This study was a phase II pilot study to investigate the association between the FDG accumulation change and the response of RCC to nivolumab, which had not been investigated previously. The patients with RCC who were planned to be treated by nivolumab in Yokohama City University from October 2016 to March 2017 were enrolled in this study with the written consent. The 30 RCC lesions were planned to be investigated and the enrollment was closed when the targeted lesions become more or 30, in order to minimize the number of research subjects.
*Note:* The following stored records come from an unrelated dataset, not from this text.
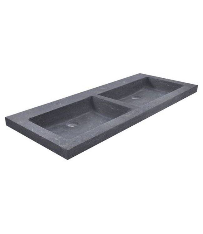 Deze dubbele wastafel, met zijn robuuste afmetingen van 120x46x5 cm en twee kraangaten, belichaamt vakmanschap en elegantie in één. Met twee wasbakken biedt deze wastafel een handige oplossing voor drukbezochte badkamers.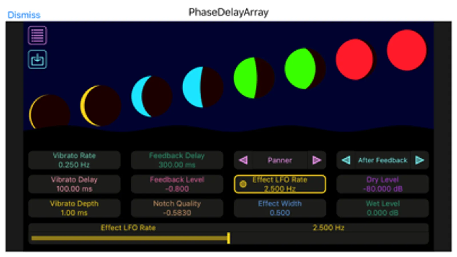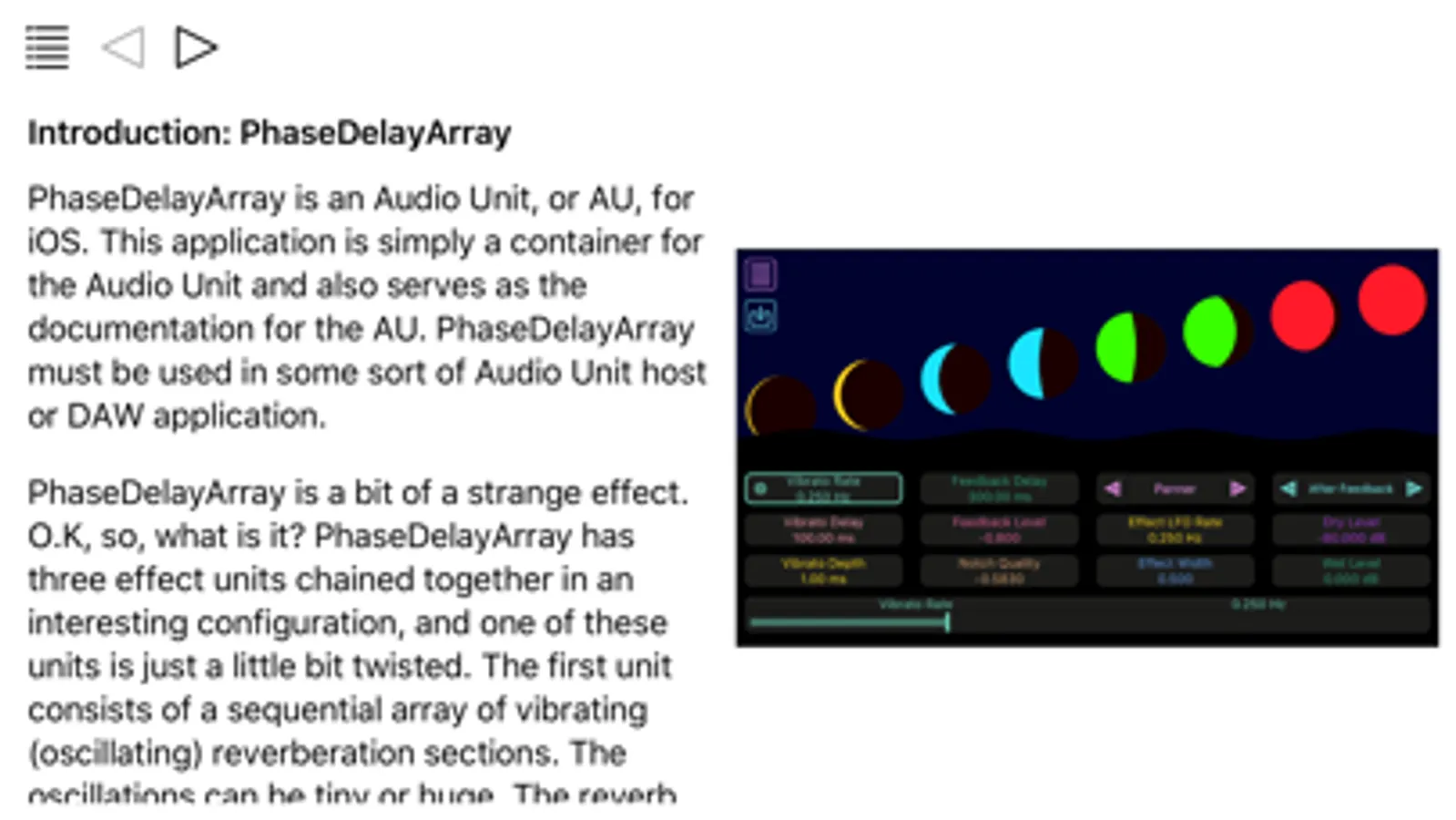 PhaseDelayArray is an Audio Unit, or AU, for iOS. This application is simply a container for the Audio Unit and also serves as the documentation for the AU. PhaseDelayArray must be used in some sort of Audio Unit host or DAW application.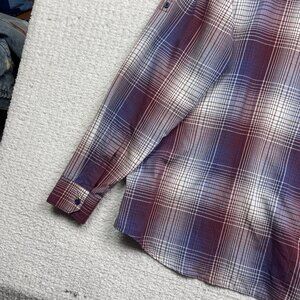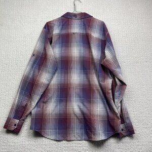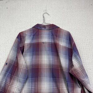 Mountain Equipment Co-op MEC light Hiking Button Shirt Men L Plaid Red / Blue

All patients underwent FDG-PET/CT at baseline and 1 month as a first response assessment, and contrast-enhanced or non-contrast-enhanced CT scan at 4 month as a second response assessment. All patients received 3 mg/kg of nivolumab intravenously every 2 weeks. Patients with uncontrolled diabetes mellitus (FBS > 150mg/dl) or other known malignancy were excluded from this study. Nivolumab was continued unless disease progression or intolerable adverse events occurred. We measured diameters and SUV max of each measurable lesion, defined as > 10 mm in longest diameter or a lymph node > 15 mm in shortest diameter according to RECIST ver1.1 [23].

Statistical analysis

Logistic regression analysis was performed to assess the association of potential predictors, including age, gender, baseline diameter, baseline SUVmax, lung or not lung metastasis, elevation of SUVmax at 1st assessment (Yes or No), and decrease in diameter at 1st assessment (Yes or No) with the response at 2nd assessment (responding or not responding). All statistical analyses were carried out with commercial software (SPSS® version19, SPSS Inc., Chicago, IL, USA) with advice by the statistician who had enough experience.

Imaging with FDG-PET/CT

FDG-PET/CT imaging was performed as described in our previous study [9].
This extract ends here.